=== Section Start ===

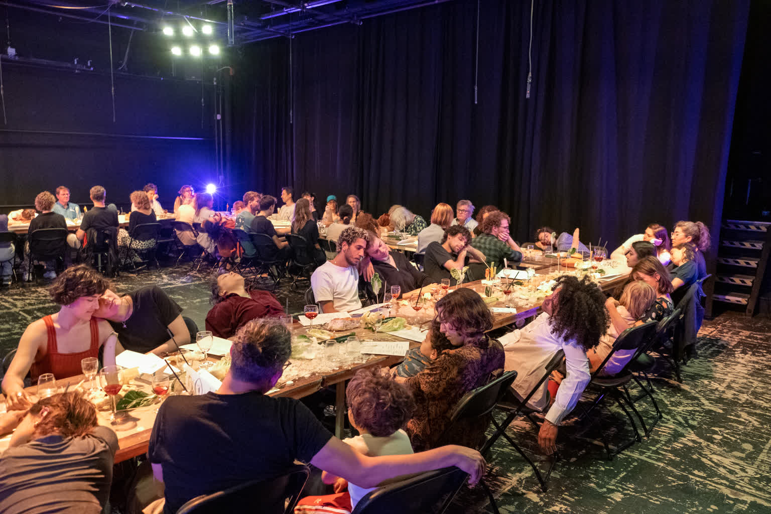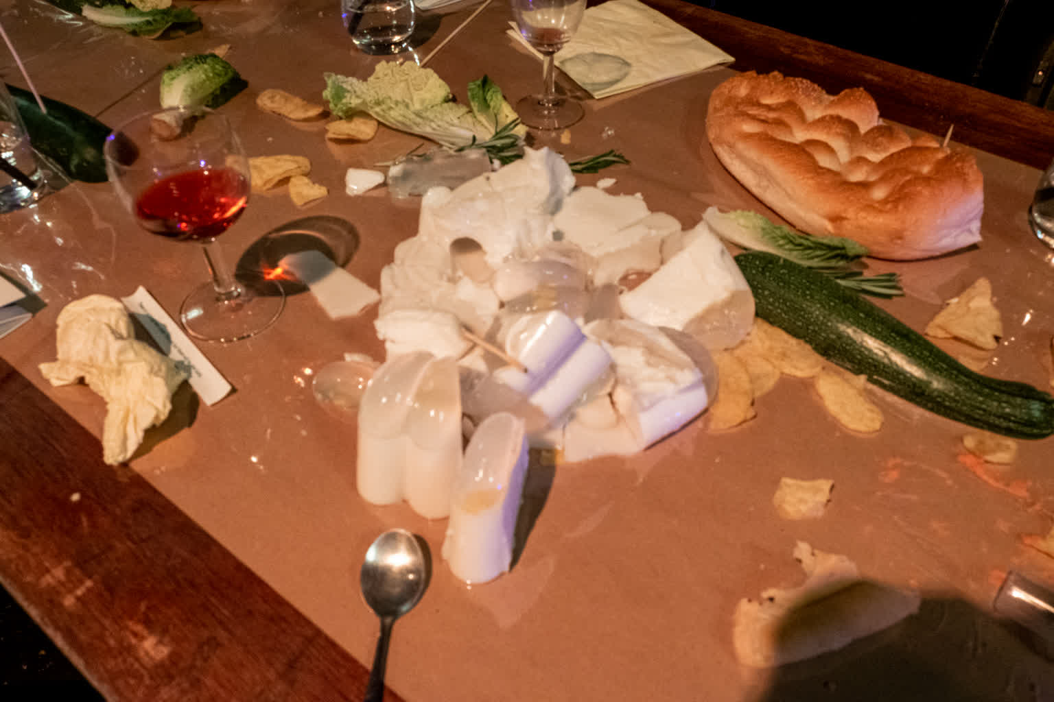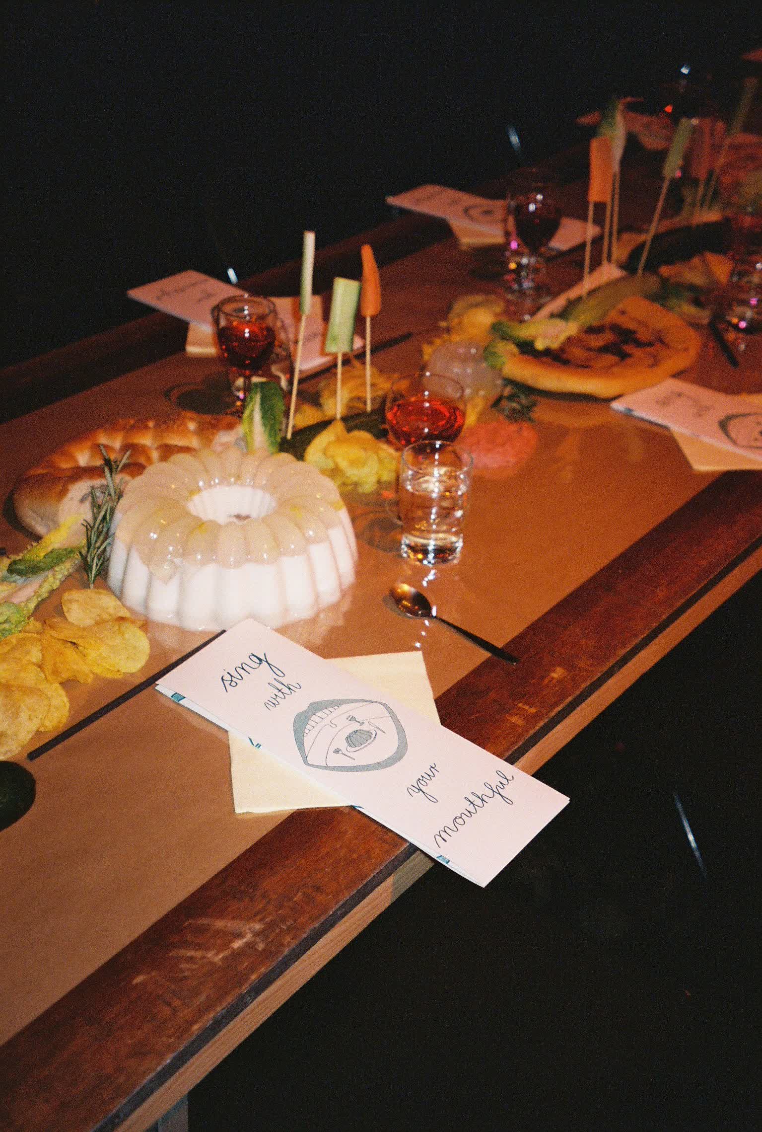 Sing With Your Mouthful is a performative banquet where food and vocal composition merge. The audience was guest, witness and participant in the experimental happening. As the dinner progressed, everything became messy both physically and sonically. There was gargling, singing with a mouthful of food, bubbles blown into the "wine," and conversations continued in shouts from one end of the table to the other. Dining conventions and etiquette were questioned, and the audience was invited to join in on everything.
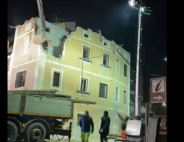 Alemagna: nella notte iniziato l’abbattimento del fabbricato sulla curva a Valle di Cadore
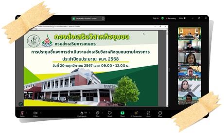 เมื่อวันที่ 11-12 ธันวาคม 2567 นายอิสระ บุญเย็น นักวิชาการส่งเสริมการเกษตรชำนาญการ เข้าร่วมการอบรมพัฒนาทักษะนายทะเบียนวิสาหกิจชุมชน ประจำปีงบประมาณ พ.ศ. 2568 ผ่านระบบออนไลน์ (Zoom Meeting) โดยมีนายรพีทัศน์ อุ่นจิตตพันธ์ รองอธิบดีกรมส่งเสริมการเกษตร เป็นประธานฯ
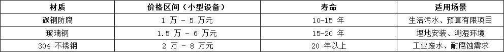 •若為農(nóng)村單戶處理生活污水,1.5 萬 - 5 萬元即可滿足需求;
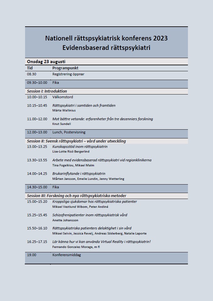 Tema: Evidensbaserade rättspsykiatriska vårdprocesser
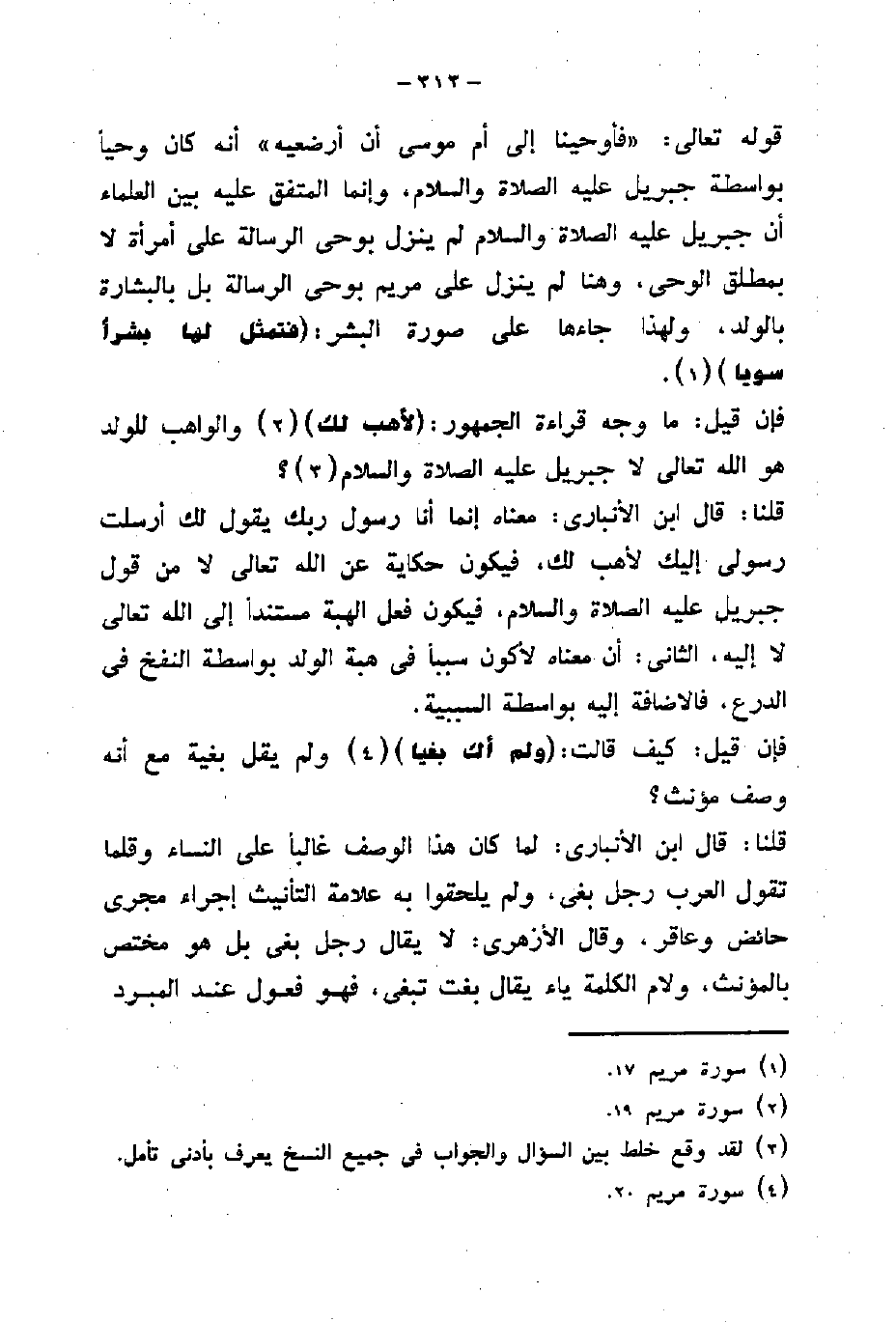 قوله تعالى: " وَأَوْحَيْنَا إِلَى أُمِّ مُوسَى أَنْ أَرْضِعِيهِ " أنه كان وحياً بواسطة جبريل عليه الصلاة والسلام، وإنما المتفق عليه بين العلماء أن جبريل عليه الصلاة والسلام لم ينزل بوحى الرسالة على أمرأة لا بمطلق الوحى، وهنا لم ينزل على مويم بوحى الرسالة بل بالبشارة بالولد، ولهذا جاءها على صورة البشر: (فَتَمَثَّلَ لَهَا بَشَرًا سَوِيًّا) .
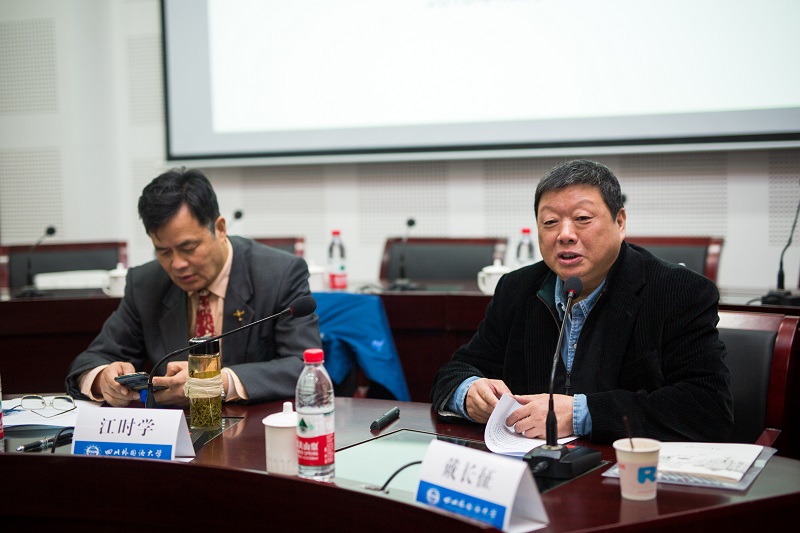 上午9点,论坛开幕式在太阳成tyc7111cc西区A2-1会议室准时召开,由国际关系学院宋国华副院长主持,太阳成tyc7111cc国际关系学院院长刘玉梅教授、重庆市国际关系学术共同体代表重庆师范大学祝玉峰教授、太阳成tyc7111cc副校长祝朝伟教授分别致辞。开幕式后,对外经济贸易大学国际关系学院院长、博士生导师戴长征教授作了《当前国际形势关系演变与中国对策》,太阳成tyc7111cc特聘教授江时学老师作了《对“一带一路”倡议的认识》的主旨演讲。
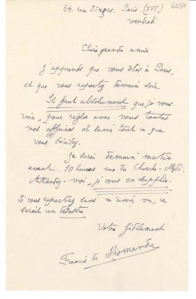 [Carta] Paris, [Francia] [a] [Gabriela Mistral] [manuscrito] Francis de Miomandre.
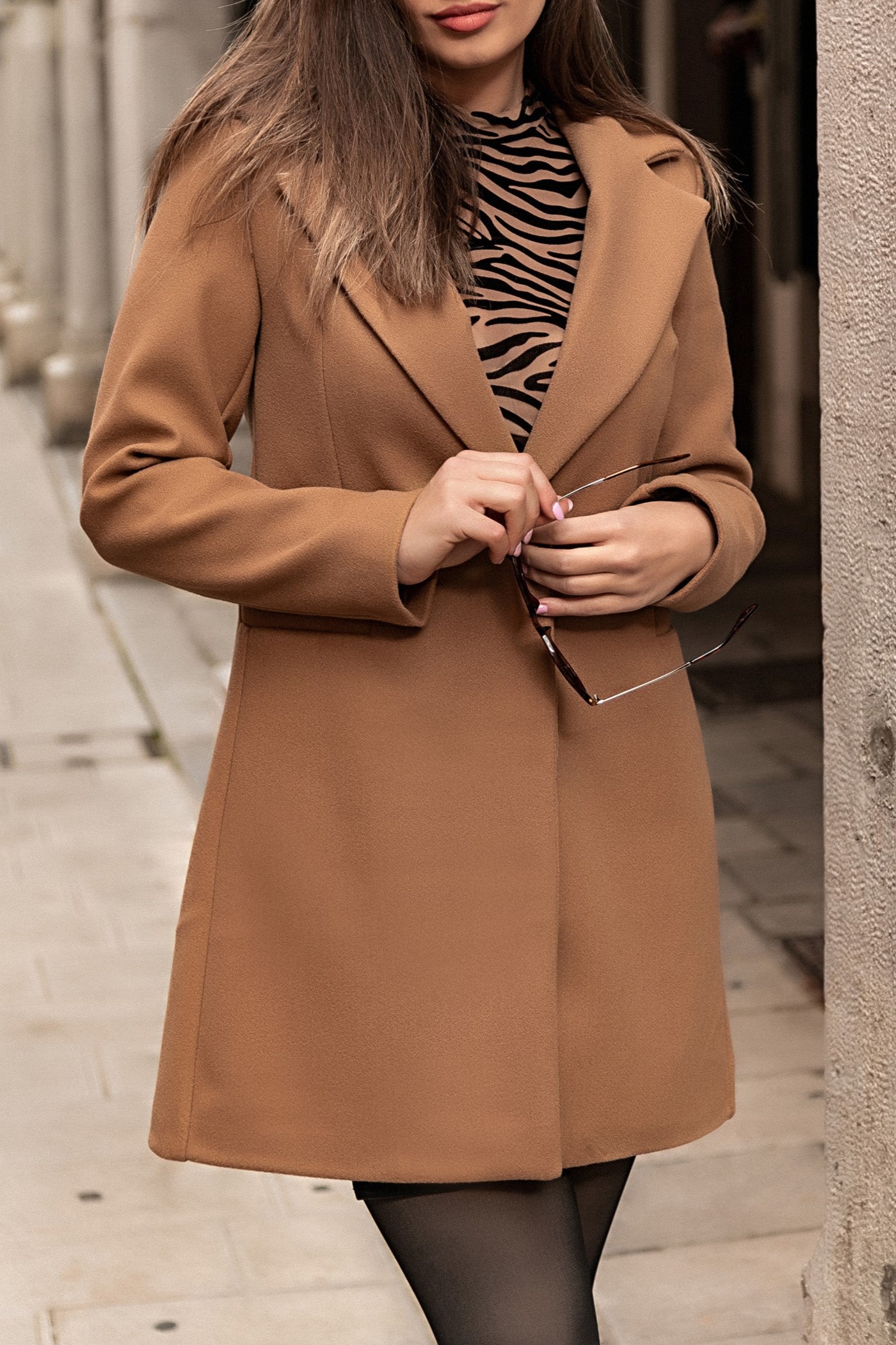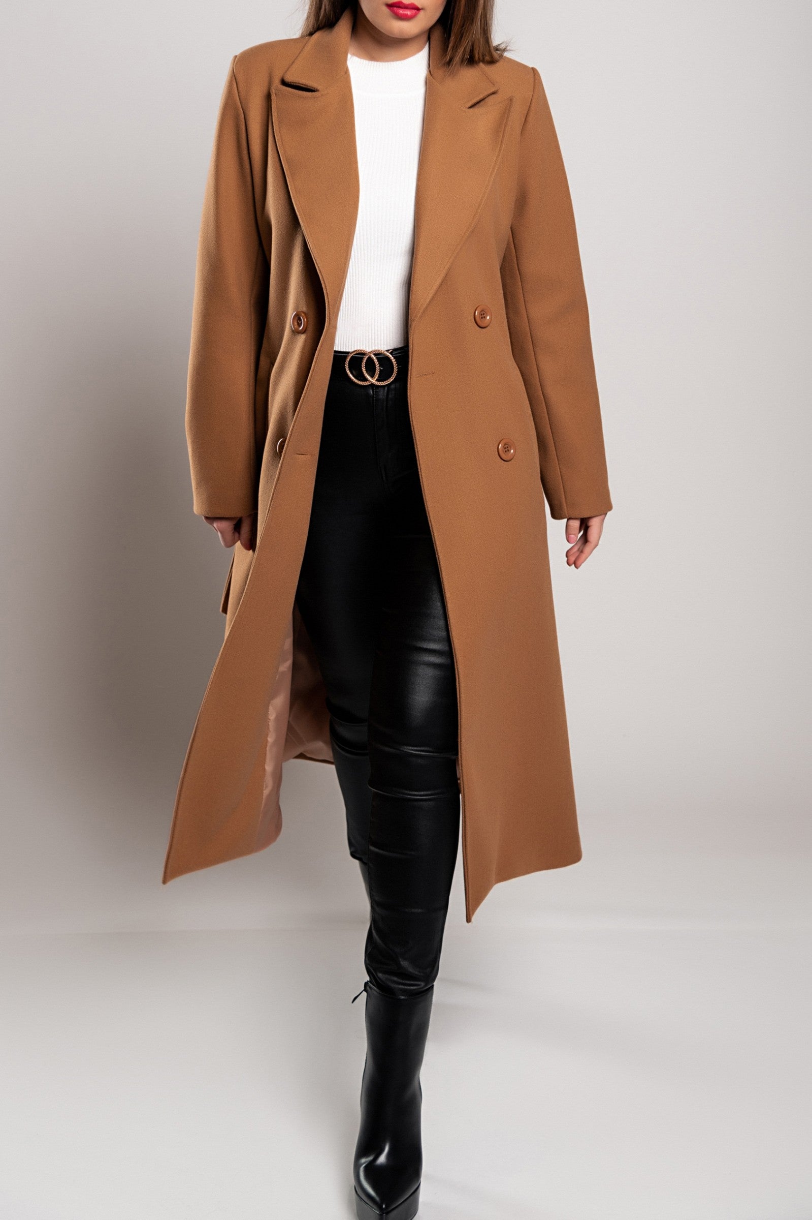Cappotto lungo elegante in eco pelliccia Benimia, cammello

=== Section End ===

**Work item:** Word-for-word copy, no pictures: write out the entries above in full.

**Solution for this task:**
 Sing With Your Mouthful is a performative banquet where food and vocal composition merge. The audience was guest, witness and participant in the experimental happening. As the dinner progressed, everything became messy both physically and sonically. There was gargling, singing with a mouthful of food, bubbles blown into the "wine," and conversations continued in shouts from one end of the table to the other. Dining conventions and etiquette were questioned, and the audience was invited to join in on everything.
 Alemagna: nella notte iniziato l’abbattimento del fabbricato sulla curva a Valle di Cadore
 เมื่อวันที่ 11-12 ธันวาคม 2567 นายอิสระ บุญเย็น นักวิชาการส่งเสริมการเกษตรชำนาญการ เข้าร่วมการอบรมพัฒนาทักษะนายทะเบียนวิสาหกิจชุมชน ประจำปีงบประมาณ พ.ศ. 2568 ผ่านระบบออนไลน์ (Zoom Meeting) โดยมีนายรพีทัศน์ อุ่นจิตตพันธ์ รองอธิบดีกรมส่งเสริมการเกษตร เป็นประธานฯ
 •若為農(nóng)村單戶處理生活污水,1.5 萬 - 5 萬元即可滿足需求;
 Tema: Evidensbaserade rättspsykiatriska vårdprocesser
 قوله تعالى: " وَأَوْحَيْنَا إِلَى أُمِّ مُوسَى أَنْ أَرْضِعِيهِ " أنه كان وحياً بواسطة جبريل عليه الصلاة والسلام، وإنما المتفق عليه بين العلماء أن جبريل عليه الصلاة والسلام لم ينزل بوحى الرسالة على أمرأة لا بمطلق الوحى، وهنا لم ينزل على مويم بوحى الرسالة بل بالبشارة بالولد، ولهذا جاءها على صورة البشر: (فَتَمَثَّلَ لَهَا بَشَرًا سَوِيًّا) .
 上午9点,论坛开幕式在太阳成tyc7111cc西区A2-1会议室准时召开,由国际关系学院宋国华副院长主持,太阳成tyc7111cc国际关系学院院长刘玉梅教授、重庆市国际关系学术共同体代表重庆师范大学祝玉峰教授、太阳成tyc7111cc副校长祝朝伟教授分别致辞。开幕式后,对外经济贸易大学国际关系学院院长、博士生导师戴长征教授作了《当前国际形势关系演变与中国对策》,太阳成tyc7111cc特聘教授江时学老师作了《对“一带一路”倡议的认识》的主旨演讲。
 [Carta] Paris, [Francia] [a] [Gabriela Mistral] [manuscrito] Francis de Miomandre.
Cappotto lungo elegante in eco pelliccia Benimia, cammello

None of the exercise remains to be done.